» Entries supplied:
......
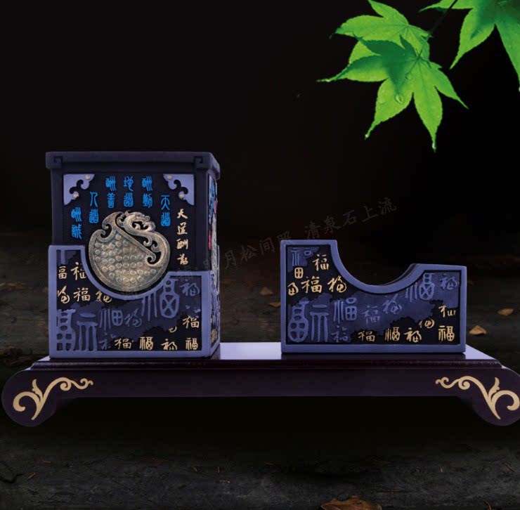 Charcoal carving crafts pen holder office business meeting pieces bank school gifts practical desk decoration
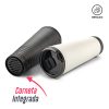 Mug metálico con interior plástico. La tapa es una tapa protectora de cierre a presión, no es de seguridad la cual funciona también como corneta.
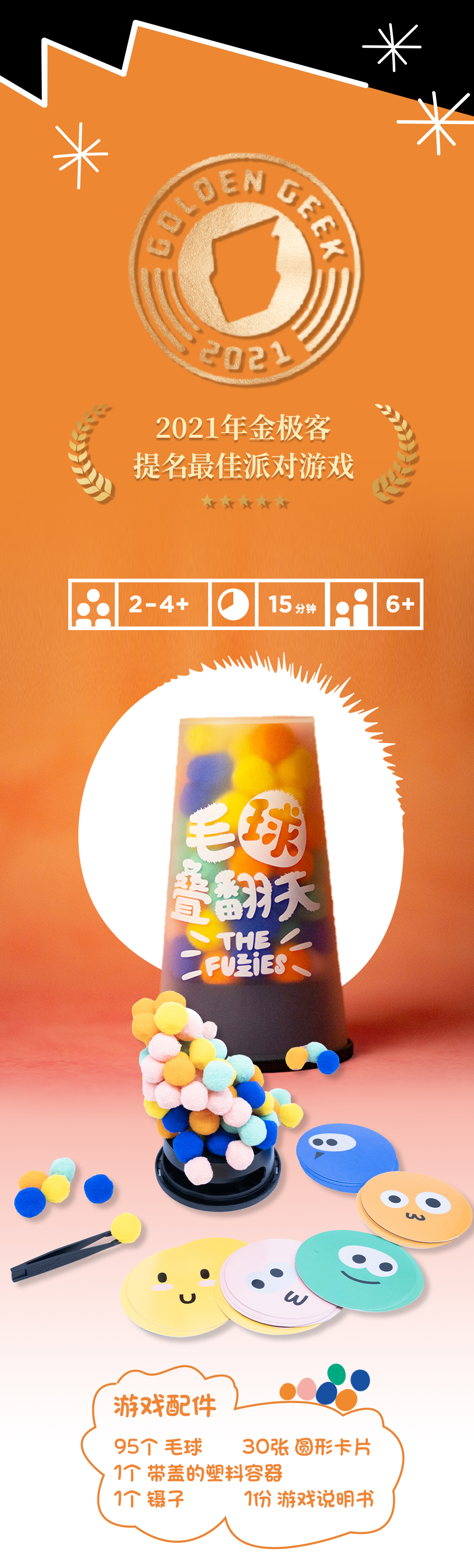 柏龙 BROADWAY 聚会游戏 《毛球叠翻天》 适玩年龄6岁+ 叠叠乐 趣味十足 BW0792BSGSCA
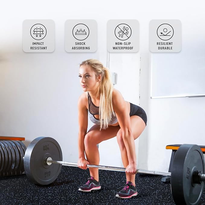 - [Sturdy Rubber Build]: Crafted from premium recycled rubber, our gym mats handle intense workouts with ease. These resilient tiles effortlessly support heavy machinery, providing reliable floor protection against scratches, scuffs, and dents from weights, dumbbells, medicine balls, jump ropes, and other workout gear in a home gym.
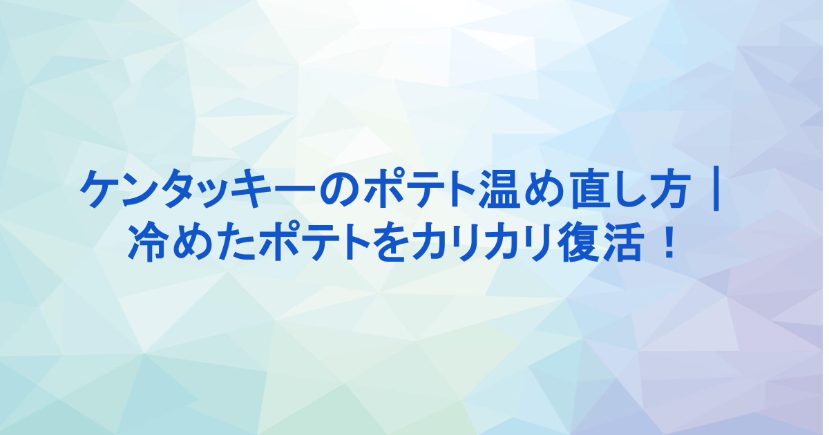 この記事では、電子レンジ・トースター・フライパンなど、どのおうちにもある身近な調理器具を使って、ケンタのポテトを美味しく温め直す方法をやさしく解説していきます。
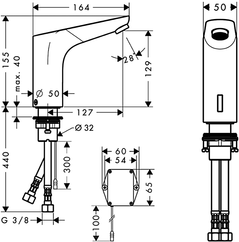 ComfortZone 130,проекція: 127 мм,витрата води при 3 барах: 5 л/хв,підключення до мережі 230 В/50 Гц,аератор зі захистом від крадіжки,функція попереднього регулювання температури від акумулятора (без важеля),інфрачервоний датчик, що спрацьовує на наближення,робота від батареї 6 В (термін служби приблизно 2 роки, батарея входить в комплект поставки),час роботи: 10 с,активація гігієнічного промивання (автоматичний потік води),частота гігієнічних полоскань: 24 год,час промивання гігієнічне полоскання: 10 с,можливість постійного промивання (один потік води протягом 180 секунд, підходить для термічної дезінфекції),фільтри від бруду у з’єднувальних шлангах,режим очищення: ручна зупинка води для очищення умивальника.
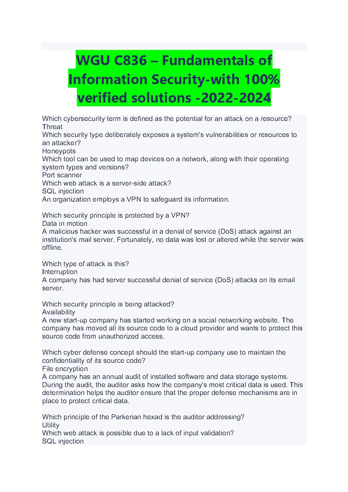 WGU C836 Fundamentals of Information Security. With 100% verified solutions 2023/2024. DOWNLOAD on www.hackedexams.com INSTANTLY.
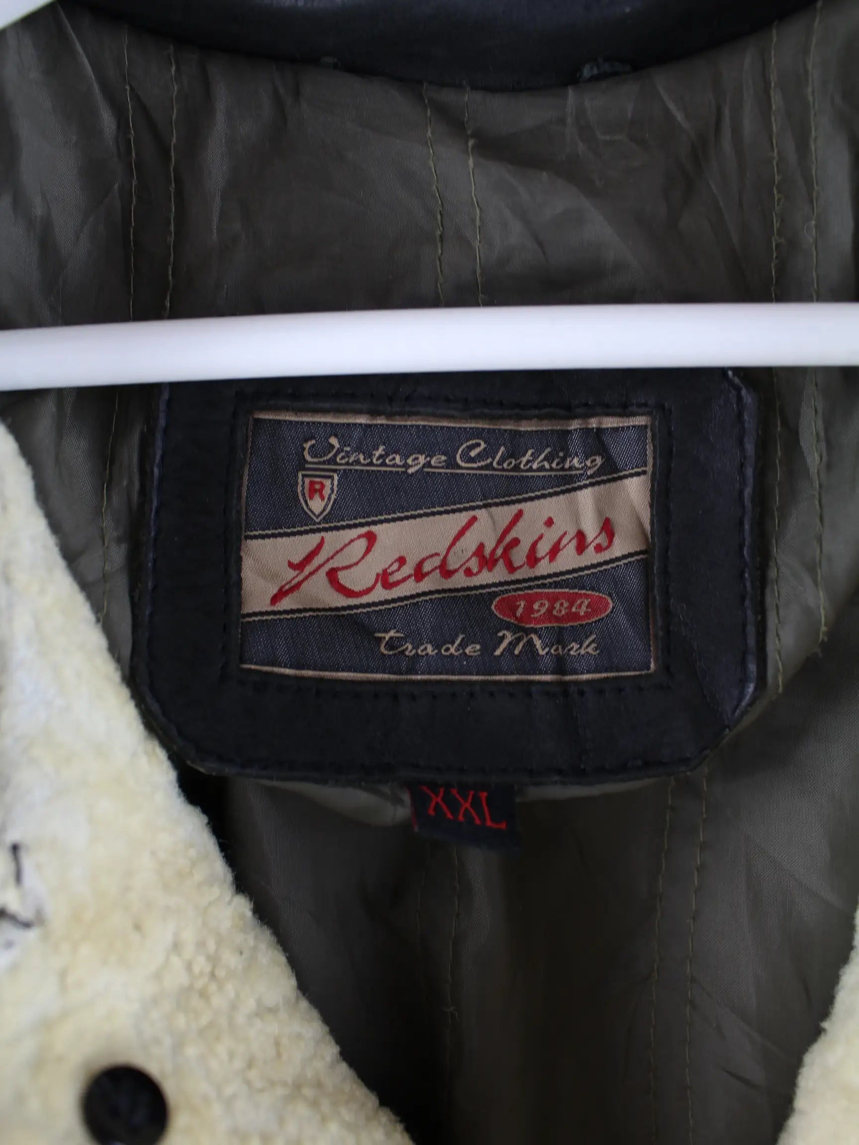 Braune Jacke vom Brand Redskins aus den 90'ern in Größe XXL. Sie ist aus Leder gefertigt. Den Zustand würden wir als 'In Ordnung' bezeichnen (vergl. Bilder).
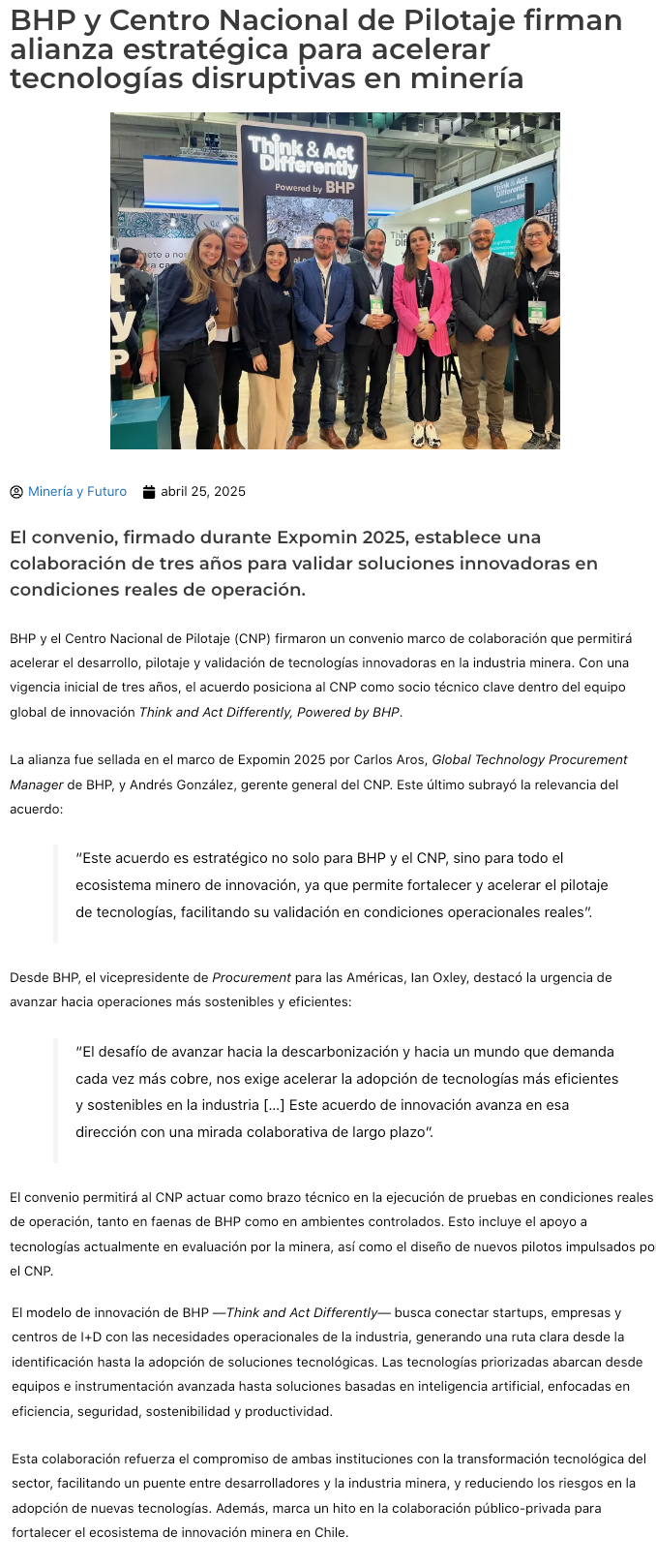 Acuerdo estratégico entre BHP y el Centro Nacional de Pilotaje potenciará el pilotaje de tecnologías disruptivas - (Nostálgica Online)
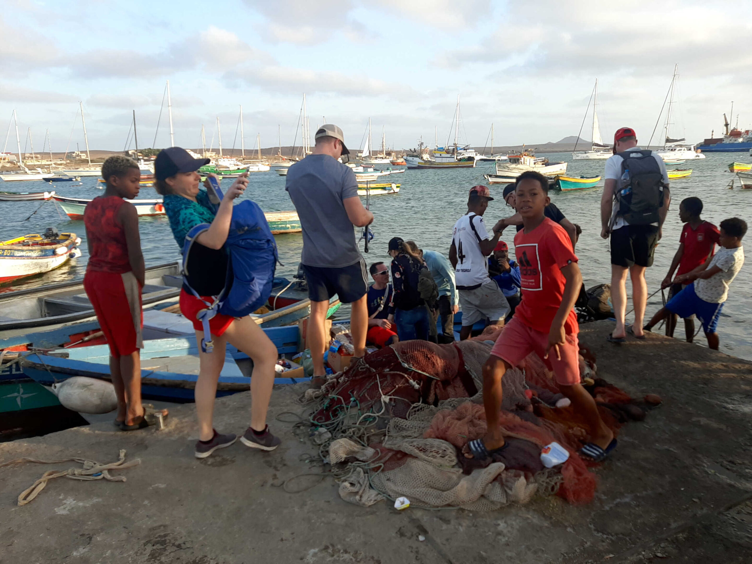 Nach einer schlaflosen Nacht, bei der der Ankeralarm nicht angesprungen und wir tatsächlich noch auf der gleichen Position sind, wird die Crew wach. Der Wind lässt bei Sonnenaufgang nun auch endlich etwas nach. Ich haue mich nochmal eine halbe Stunde in die Koje, ein großer Gewinn ist das für mein Schlafbedürfnis aber nicht. Nach der nächsten Etappe ist aber erst mal Festliegen in der Marina angesagt, die einzige, die es bislang auf den Kapverden gibt.
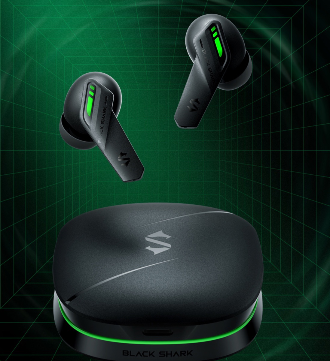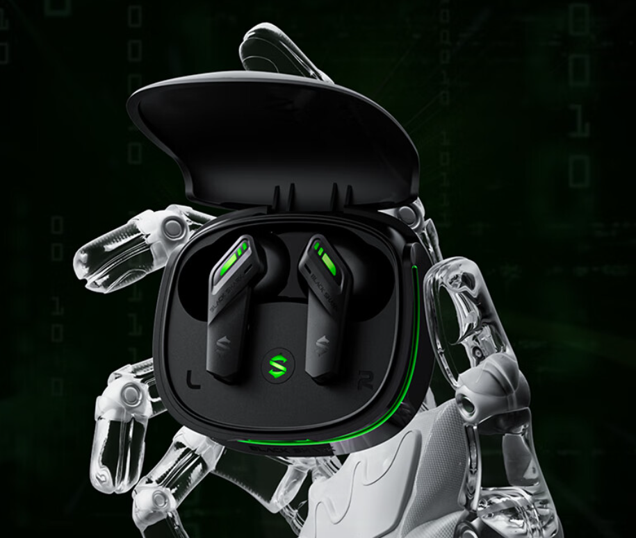 该耳机采用黑色入耳式设计,配有黑鲨标志性的绿色灯光点缀,采用 10mm 动圈单元,支持 40dB FF+FB 混合主动降噪,可选通透模式,最低延迟 60ms。使用蓝牙 5.3 技术,整体续航 24 小时,单耳续航 6 小时,支持“充电 15 分钟,使用 2 小时”。
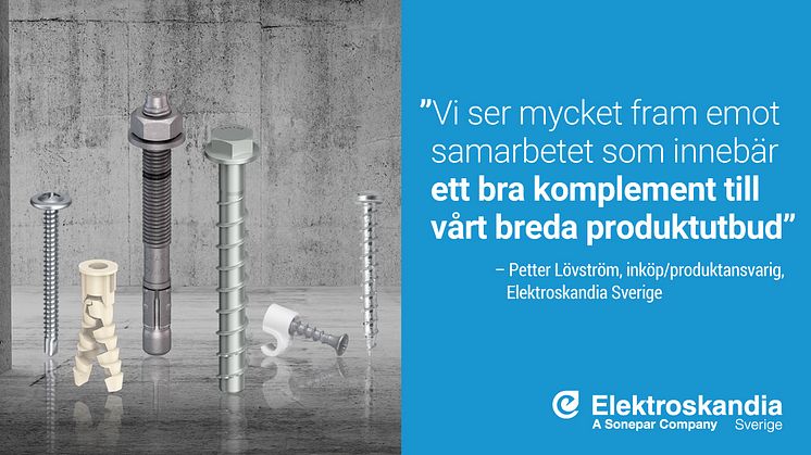 - Vi har saknat en helhetslösning då det gäller utbudet av den skruv, spik och övrig fästmateriel som våra kunder har behov av. I och med samarbetet med EJOT kan vi nu erbjuda ett brett sortiment som täcker de flesta behoven. I våra butiker kommer vi ha tre till fyra hyllsektioner med EJOT-produkter för olika material så som trä och skivmaterial, betong och metall. Totalt kommer cirka 500 artiklar att finnas på vår webb och ungefär 130 artiklar i våra butiker. Vi ser mycket fram emot samarbetet som innebär ett bra komplement till vårt breda produktutbud, säger Petter Lövström, inköp/produktansvarig Elektroskandia Sverige AB.
......
» Work to complete:
Repeat the lines exactly as they stand, from the opening line of the data through the line with "Acuerdo estratégico entre". Pictures stay out of the copy.

» Solution for this problem:
 Charcoal carving crafts pen holder office business meeting pieces bank school gifts practical desk decoration
 Mug metálico con interior plástico. La tapa es una tapa protectora de cierre a presión, no es de seguridad la cual funciona también como corneta.
 柏龙 BROADWAY 聚会游戏 《毛球叠翻天》 适玩年龄6岁+ 叠叠乐 趣味十足 BW0792BSGSCA
 - [Sturdy Rubber Build]: Crafted from premium recycled rubber, our gym mats handle intense workouts with ease. These resilient tiles effortlessly support heavy machinery, providing reliable floor protection against scratches, scuffs, and dents from weights, dumbbells, medicine balls, jump ropes, and other workout gear in a home gym.
 この記事では、電子レンジ・トースター・フライパンなど、どのおうちにもある身近な調理器具を使って、ケンタのポテトを美味しく温め直す方法をやさしく解説していきます。
 ComfortZone 130,проекція: 127 мм,витрата води при 3 барах: 5 л/хв,підключення до мережі 230 В/50 Гц,аератор зі захистом від крадіжки,функція попереднього регулювання температури від акумулятора (без важеля),інфрачервоний датчик, що спрацьовує на наближення,робота від батареї 6 В (термін служби приблизно 2 роки, батарея входить в комплект поставки),час роботи: 10 с,активація гігієнічного промивання (автоматичний потік води),частота гігієнічних полоскань: 24 год,час промивання гігієнічне полоскання: 10 с,можливість постійного промивання (один потік води протягом 180 секунд, підходить для термічної дезінфекції),фільтри від бруду у з’єднувальних шлангах,режим очищення: ручна зупинка води для очищення умивальника.
 WGU C836 Fundamentals of Information Security. With 100% verified solutions 2023/2024. DOWNLOAD on www.hackedexams.com INSTANTLY.
 Braune Jacke vom Brand Redskins aus den 90'ern in Größe XXL. Sie ist aus Leder gefertigt. Den Zustand würden wir als 'In Ordnung' bezeichnen (vergl. Bilder).
 Acuerdo estratégico entre BHP y el Centro Nacional de Pilotaje potenciará el pilotaje de tecnologías disruptivas - (Nostálgica Online)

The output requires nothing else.